Let's explore the relationship between safety perceptions and SAT scores in more detail:
combined.plot.scatter(x="saf_s_11", y="sat_score")
plt.title("Safety vs. SAT Scores")
plt.xlabel("Student Safety Perception")
plt.ylabel("Average SAT Score")
The resulting scatter plot shows a general upward trend - as safety perception increases, SAT scores tend to increase as well. But there's considerable variation, suggesting that safety isn't the only factor at play.
Let's see if there are differences in safety perceptions across NYC boroughs:
borough_safety = combined.groupby("borough")["sat_score", "saf_s_11", "saf_t_11", "saf_p_11", "saf_tot_11"].mean()
borough_safety
This produces a table showing average safety perceptions and SAT scores by borough:
sat_score saf_s_11 saf_t_11 saf_p_11 saf_tot_11
borough
Bronx 1126.692308 6.606087 6.539855 7.585507 6.837678
Brooklyn 1230.068966 6.836087 7.259420 7.942391 7.230797
Manhattan 1340.052632 7.454412 7.548529 8.603676 7.790441
Queens 1317.279412 7.149338 7.565476 8.193878 7.533921
Staten Island 1376.600000 6.450000 7.325000 7.966667 7.175000
Interestingly, while there are significant differences in SAT scores across boroughs (with the Bronx having the lowest average and Staten Island the highest), the differences in safety perceptions are less pronounced. This suggests that while safety may correlate with SAT scores overall, borough-level safety differences aren't necessarily driving borough-level SAT score differences.
Instructor Insight: One pattern I found particularly interesting when exploring this data is that parent perceptions of safety are consistently about 1.5 points higher than student perceptions across all boroughs. From my experience in schools, this makes sense - parents aren't in the building every day and may not be aware of the day-to-day dynamics that students experience. Students have a much more immediate and granular understanding of safety issues in their schools.
If you're interested in learning more about data aggregation techniques like the groupby()
method we used above, check out Dataquest's Pandas Fundamentals course.
Step 6: Race Demographics and SAT Scores
The correlation analysis showed that race demographics have strong relationships with SAT scores. Let's visualize these correlations:
race_fields = [
"white_per",
"asian_per",
"black_per",
"hispanic_per"
]
# Correlation between race demographics and SAT scores
race_correlations = combined.loc[:, race_fields].corr(numeric_only=True)["sat_score"]
race_correlations.plot.barh()
plt.title("Correlation between Race Demographics and SAT Scores")
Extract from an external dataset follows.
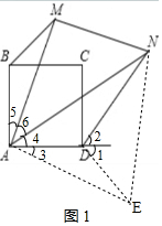 分析 (1)如图1,将△ABM绕点A顺时针旋转90°后得到△ADE,根据正方形的性质和角平分线的定义得出∠NDE=360°-∠ADN-∠ADE=90°,再结合旋转的性质知BM=DE,证△MAN≌△DAN得MN=NE,在Rt△DEN中由DN2+DE2=EN2可得答案;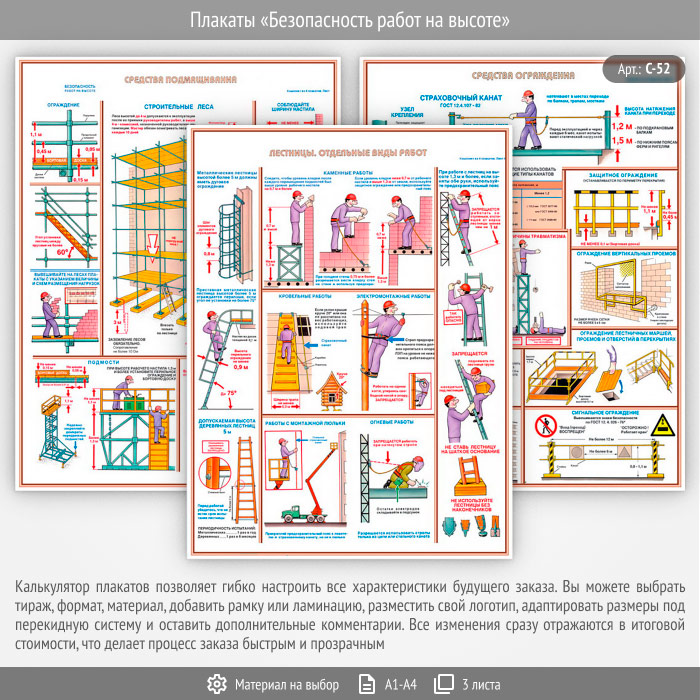 Комплект плакатов «Безопасность работ на высоте» из 3 листов – достойное качество и полезная информация по приемлемой цене

plt.xlabel("Correlation Coefficient")
When you run this code, you'll see a bar chart showing that white and Asian percentages have strong positive correlations with SAT scores, while Black and Hispanic percentages have negative correlations.
Let's take a closer look at the relationship between Hispanic percentage and SAT scores, which had one of the strongest negative correlations:
import numpy as np
combined.plot.scatter(x="hispanic_per", y="sat_score")
# Add regression line
x = combined["hispanic_per"]
y = combined["sat_score"]
m, b = np.polyfit(x, y, 1)
plt.plot(x, m*x + b, '-', color='red')
plt.title("Hispanic Population Percentage vs. SAT Scores")
plt.xlabel("Hispanic Population Percentage")
plt.ylabel("Average SAT Score")
The scatter plot with the regression line clearly shows the negative relationship - as the percentage of Hispanic students increases, the average SAT score tends to decrease.
Instructor Insight: When creating this visualization, I chose to add a regression line to make the trend clearer. This is a small but powerful enhancement to our scatter plot - while the naked eye can detect a general pattern in the data points, the regression line provides a more precise representation of the relationship.
To understand this relationship better, let's look at schools with very high Hispanic populations:
selected_columns = ["school_name", "num_of_sat_test_takers", "hispanic_per", "sat_score", "sped_per", "ell_per", "school_dist", "borough", "saf_s_11"]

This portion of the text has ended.